RK4SIR.Yang <- function(n, beta, gamma, S0, I0, R0 = 0, dt = 1, incidence = FALSE) {
N <<- S0 + I0 + R0
S <- c(S0, rep(0, n))
I <- c(I0, rep(0, n))
R <- c(R0, rep(0, n))
cum.inc <- rep(0, n + 1) # cumulative incidence
for (i in 1:n) {
Si <- S[i]
Ii <- I[i]
S.k1 <- dSdt(i, Si, Ii)
I.k1 <- dIdt(i, Si, Ii)
CI.k1 <- -S.k1
Ts1 <- Si + dt / 2 * S.k1
Ti1 <- Ii + dt / 2 * I.k1
S.k2 <- dSdt(i + dt / 2, Ts1, Ti1)
I.k2 <- dIdt(i + dt / 2, Ts1, Ti1)
CI.k2 <- -S.k2
Ts2 <- Ts1 + dt / 2 * S.k2
Ti2 <- Ti1 + dt / 2 * I.k2
S.k3 <- dSdt(i + dt / 2, Ts2, Ti2)
I.k3 <- dIdt(i + dt / 2, Ts2, Ti2)
CI.k3 <- -S.k3
Ts3 <- Ts2 + dt * S.k3
Ti3 <- Ti2 + dt * I.k3
S.k4 <- dSdt(i + dt, Ts3, Ti3)
I.k4 <- dIdt(i + dt, Ts3, Ti3)
CI.k4 <- -S.k4
S[i + 1] <- Si + dt / 6 * (S.k1 + 2 * S.k2 + 2 * S.k3 + S.k4)
I[i + 1] <- Ii + dt / 6 * (I.k1 + 2 * I.k2 + 2 * I.k3 + I.k4)
R[i + 1] <- N - S[i + 1] - I[i + 1]
cum.inc[i + 1] <- cum.inc[i] + dt / 6 * (CI.k1 + 2 * CI.k2 + 2 * CI.k3 + CI.k4)
}
if (!incidence) {
return(data.frame(n = 0:n, S = S, I = I, R = R))
} else {
return(data.frame(n = 0:n, S = S, I = I, R = R, cum.inc = cum.inc))
}
}
2.4 Benchmark
microbenchmark
package is a good option for benchmarking functions. I use microbenchmark
function to compare rk4
, RK4SIR
and RK4SIR.Yang
1000 times.
library(microbenchmark)
compare <- microbenchmark(rk4(y0, times, SIR, params),
RK4SIR(n, beta, gamma, S0, I0, incidence = TRUE),
RK4SIR.Yang(n, beta, gamma, S0, I0, incidence = TRUE),
times = 10)
# change expr for plot
compare$expr <- gsub("rk4(y0, times, SIR, params)", "rk4",
compare$expr, fixed = TRUE)
compare$expr <- gsub("RK4SIR(n, beta, gamma, S0, I0, incidence = TRUE)", "RK4SIR",
compare$expr, fixed = TRUE)
compare$expr <- gsub("RK4SIR.Yang(n, beta, gamma, S0, I0, incidence = TRUE)",
"RK4SIR.Yang", compare$expr, fixed = TRUE)
compare
## Unit: milliseconds
## expr min lq mean median uq max neval
## rk4 10.522828 10.849218 12.314321 11.330950 14.672388 15.626585 10
## RK4SIR 1.691710 2.008025 2.244679 2.157010 2.655575 2.672397 10
## RK4SIR.Yang 1.627021 1.879434 6.647515 2.081856 2.122347 48.506175 10
Draw a comparison of distribution times.
p <- autoplot(compare)
## Coordinate system already present.
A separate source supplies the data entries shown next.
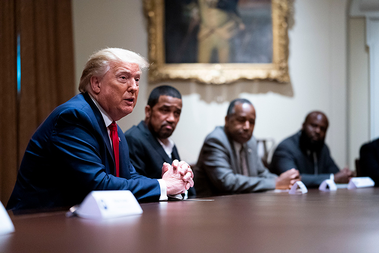 Instead, Trump said historically black colleges and universities “were treated very, very badly and I treated them very good,” and said the black community is “doing very well now.”
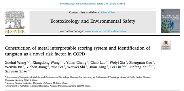 近日,公司环境与健康研究团队 (南通市环境毒理学重点实验室)以“Construction of metal interpretable scoring system and identification of tungsten as a novel risk factor in COPD”为题,在国际知名期刊《Ecotoxicology and Environmental Safety》上发表了关于慢性阻塞性肺疾病(COPD)风险因素的最新研究成果。
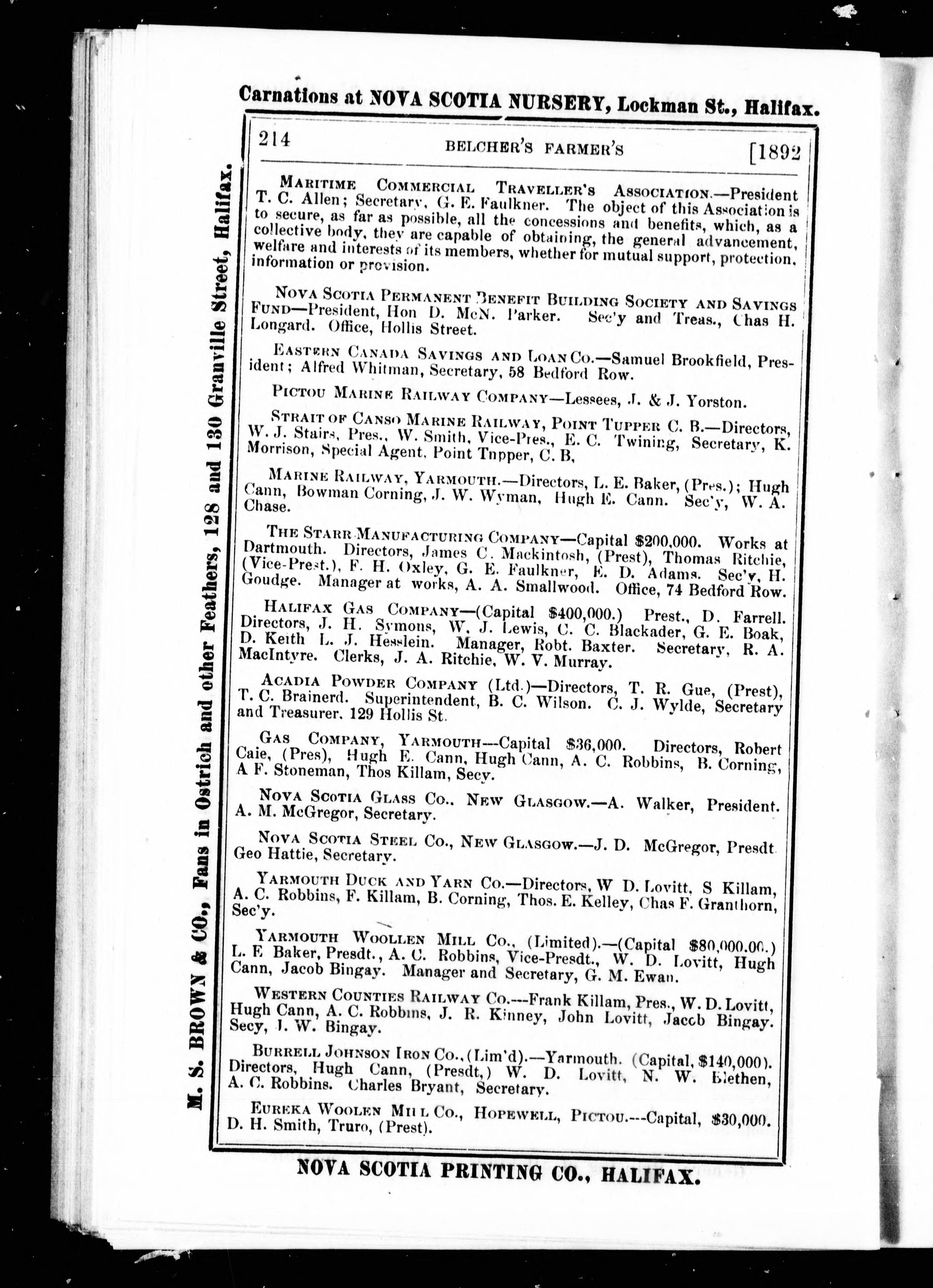 Halifax, N.S.: Published by the Proprietors, McAlpine & Barnes, [1892?]; 251 images, 248 avec recherche en texte intégral
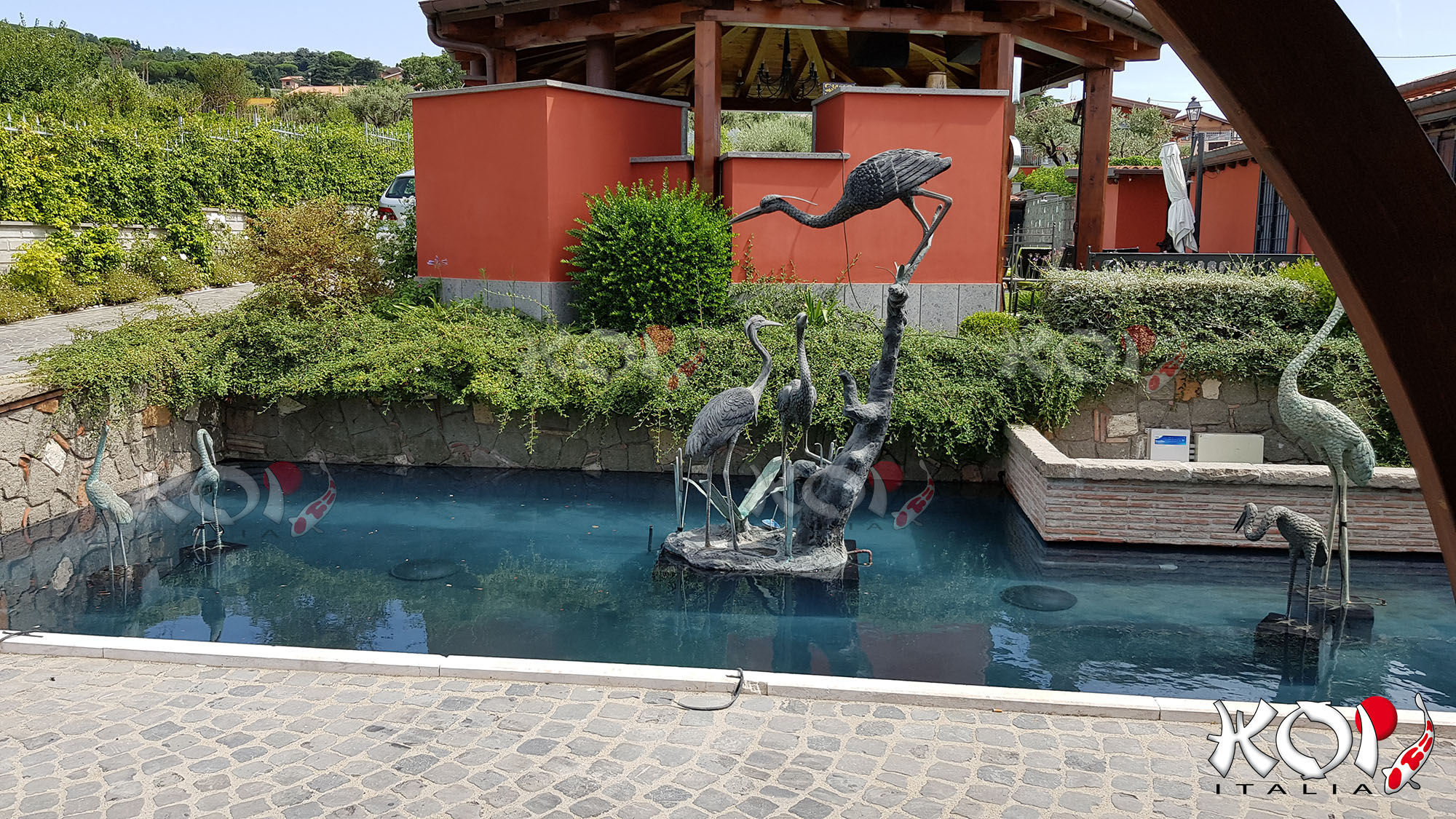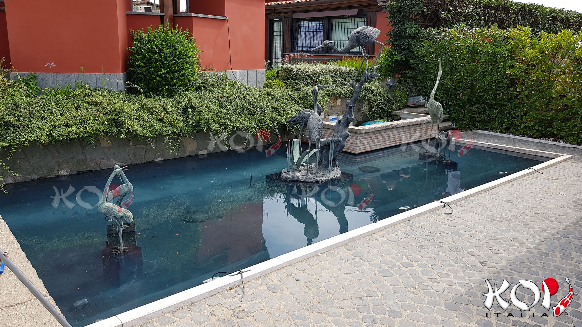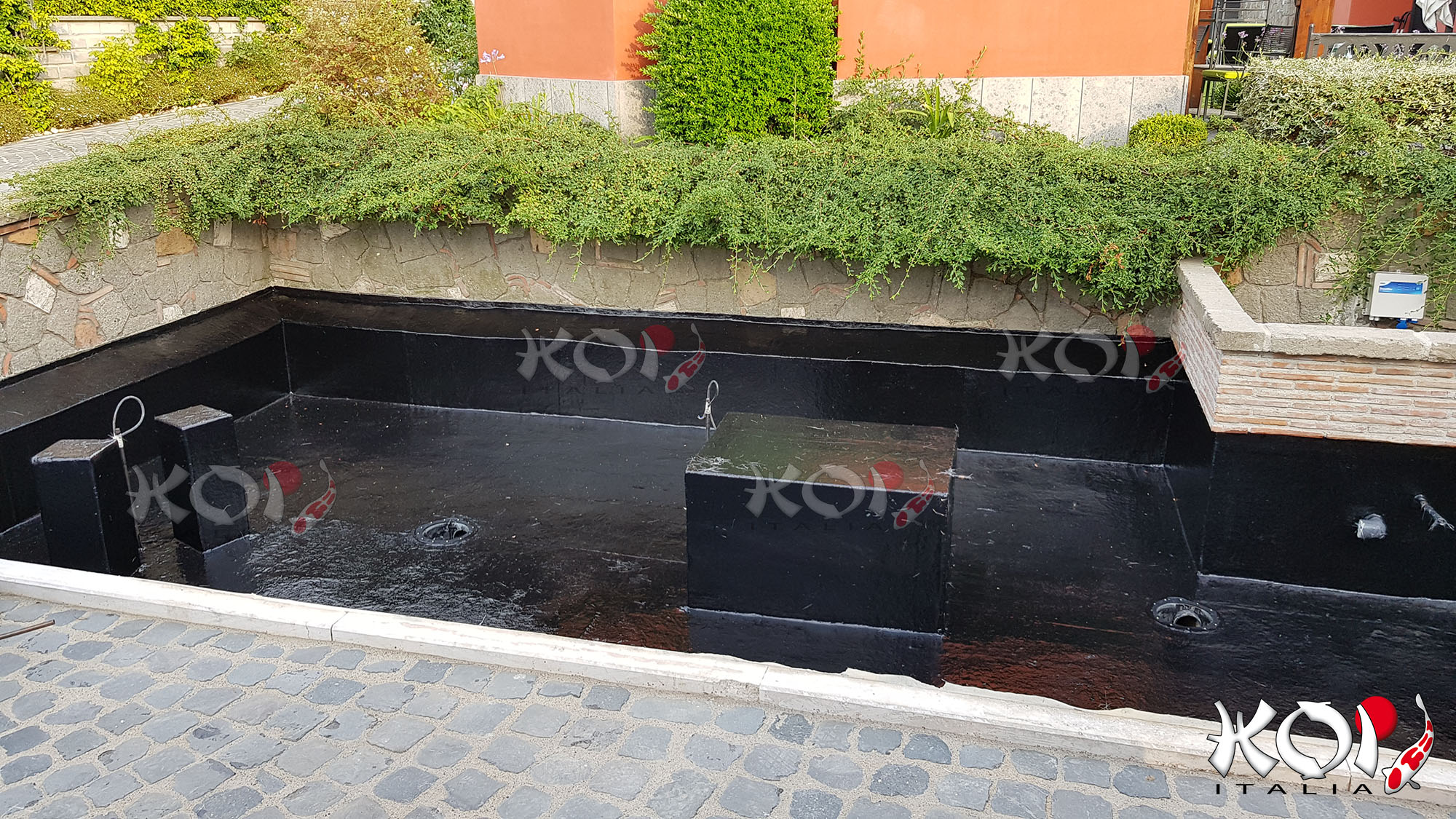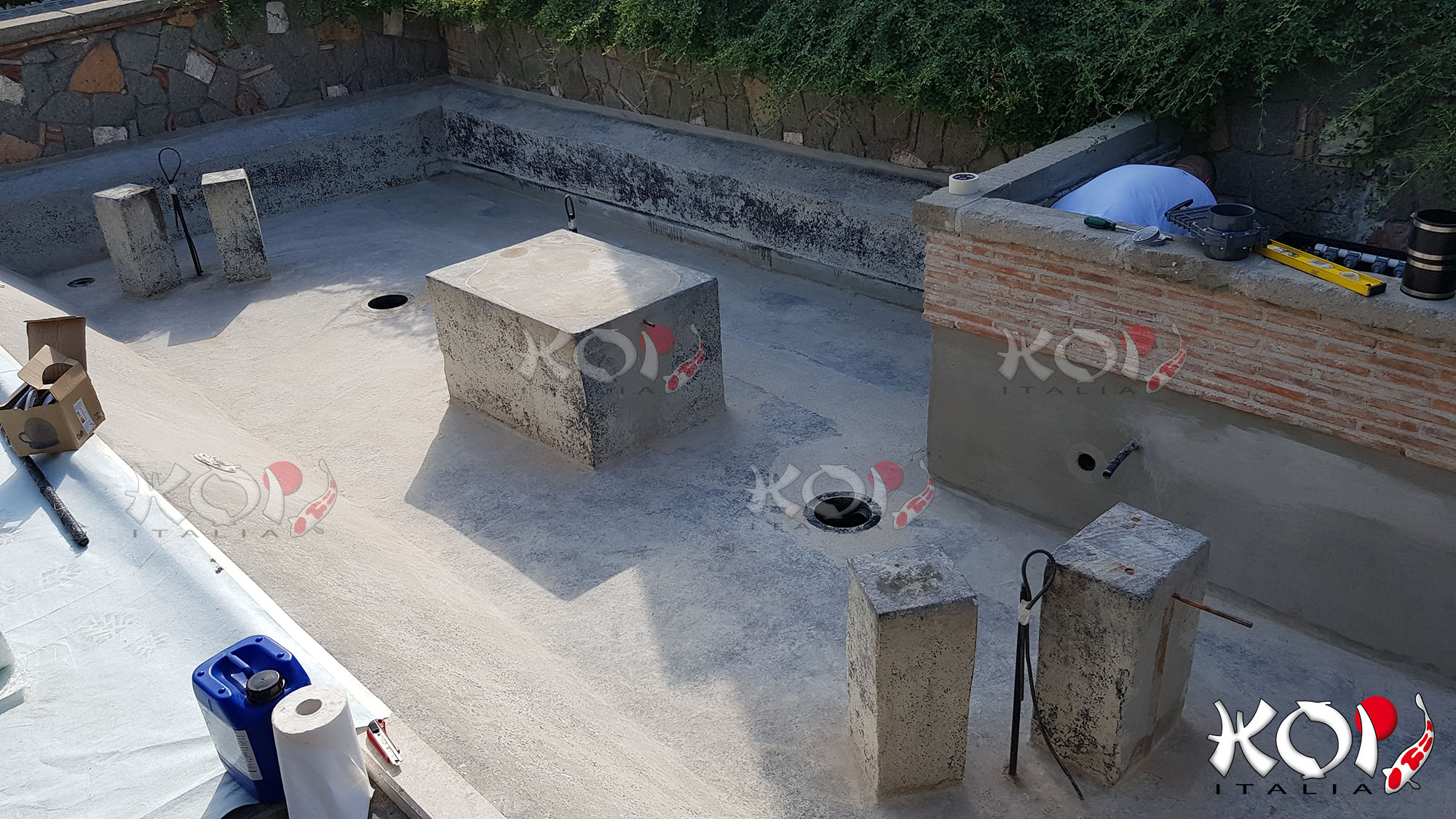 Questa vasca già esistente al momento del nostro intervento presentava importanti carenze di filtraggio e perdite di acqua. Con il nostro intervento abbiamo dotato la vasca di aspirazioni e mandate, abbiamo impermeabilizzato la vasca con un rivestimento in vetroresina e abbiamo installato un sistema di filtraggio a tamburo e perline.

Adding new coordinate system, which will
## replace the existing one.
p + geom_violin(aes(color = expr, fill = expr)) +
theme(legend.position = "none")
rk4
function from deSolve
package runs much slower than both RK4SIR
and RK4SIR.Yang
fucntions as it takes much time to spin up for calling external FORTRAN
or C
functions. Though RK4SIR
function performs the extra calculation of incidence, the benchmarking results show that RK4SIR
function still runs faster than RK4SIR.Yang
function. This is because RK4SIR.Yang
function calculates cummulative incidence one by one per iterative formula while RK4SIR
function directly apply diff
function to the resulting vector S
to accomplish the calculation. diff
function is a vector operation and takes much less time.